Machine learning systems have reached an impressive level of performance in a wide range of applications, often well beyond what was expected just a few years ago. At the same time, our mathematical understanding of how these systems work—and under which conditions they fail—is still fragmentary. Questions related to generalization, optimization behavior, and robustness are frequently addressed empirically; however, a unified and rigorous theoretical picture is still missing. This Special Issue aims to serve as a contribution in that direction.

We invite papers that approach these problems from a mathematical perspective, including studies on generalization properties of deep or stochastic models, analyses of optimization dynamics and implicit regularization, and investigations into the stability and robustness of learning algorithms.

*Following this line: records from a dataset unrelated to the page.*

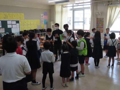 6年生が1年生を迎えに行き、各教室に集まり、リーダーを中心に自己紹介ゲームを行いました。
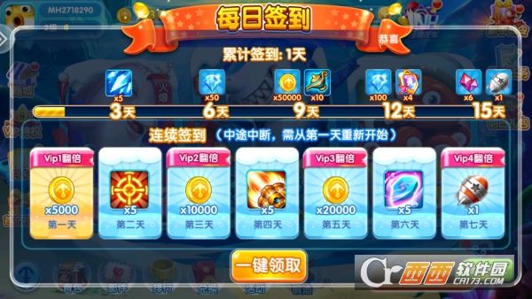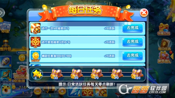 等级福利与成长奖励:每次提升VIP等级均可领取尊享礼盒,内含海量金币、钻石及捕鱼道具,助力快速提升装备与技能。达到VIP3可解锁七日幸运匣,每7天免费抽奖1次,有机会获得神器碎片与限定炮台;VIP4及以上还能开启十五日聚宝池,通过聚宝玩法扩充金币储备。
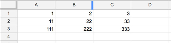 var SpreadSheet = SpreadsheetApp.openByUrl('試算表網址'); var range = SpreadSheet.getRange('工作表名稱!A1:C3'); range.setValues([[1,2,3],[11,22,33],[111,222,333]]);![]()
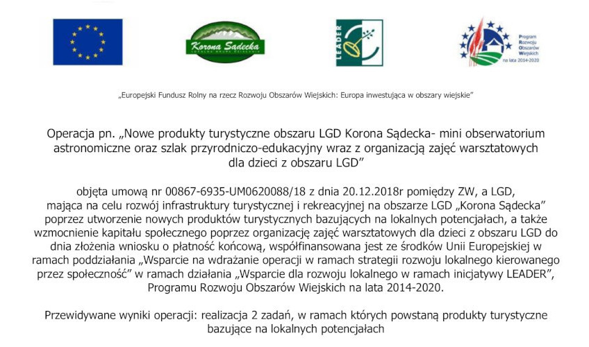 Projekt grantowy "Nowe produkty turystyczne obszaru LGD "Korona Sądecka" - mini obserwatorium astronomiczne oraz szlak przyrodniczo-edukacyjny wraz z organizacją zajęć warsztatowych dla dzieci z obszaru LGD"
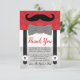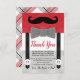 Die Babydusche ist mit einem kleinen Mann-Thema ausgestattet, mit einem Schnurrbart, Aufhängern und Bugs-Krawatte und einem karierten Hintergrund in Rot, Grau, Weiß und Schwarz. Passende Einladung und Dekoration im Laden.
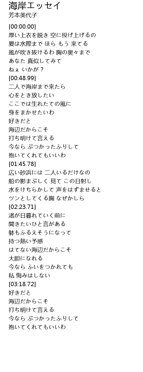 | [01:56.20] | 広い砂浜には 二人いるだけなの |
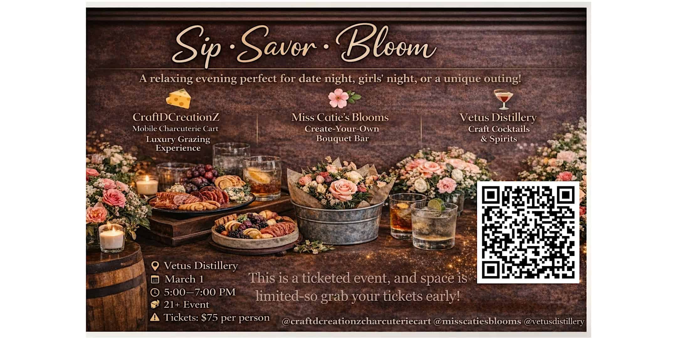 by admin14Feb Sip, Savor, and Bloom at Vetus Distillery – Monroe, NC Sip, Savor, and Bloom at Vetus Distillery – Monroe, NC 1 1 people viewed this event. Join us for Sip, Savor, and Bloom—an epic day of tasty drinks, delicious bites, and blooming good vibes! Tickets-RSVP Link Date And Time Sunday, March 1st, 2026 10:00 PM (PST) Venue Vetus Distillery Location 430 Crow Street, Monroe, NC 28112 Event Types Food & Drink Event Category North Carolina Share With Friends Facebook Twitter Linkedin Xing Pinterest Share This Post:

Contributions on the mathematical basis of explainable and interpretable AI are also welcome, as are works connecting machine learning to neighboring areas such as information theory or statistical mechanics. Many modern learning settings—overparameterized networks, stochastic components in training, ensemble methods, or reinforcement learning—do not fit neatly into classical assumptions, and understanding them requires new tools.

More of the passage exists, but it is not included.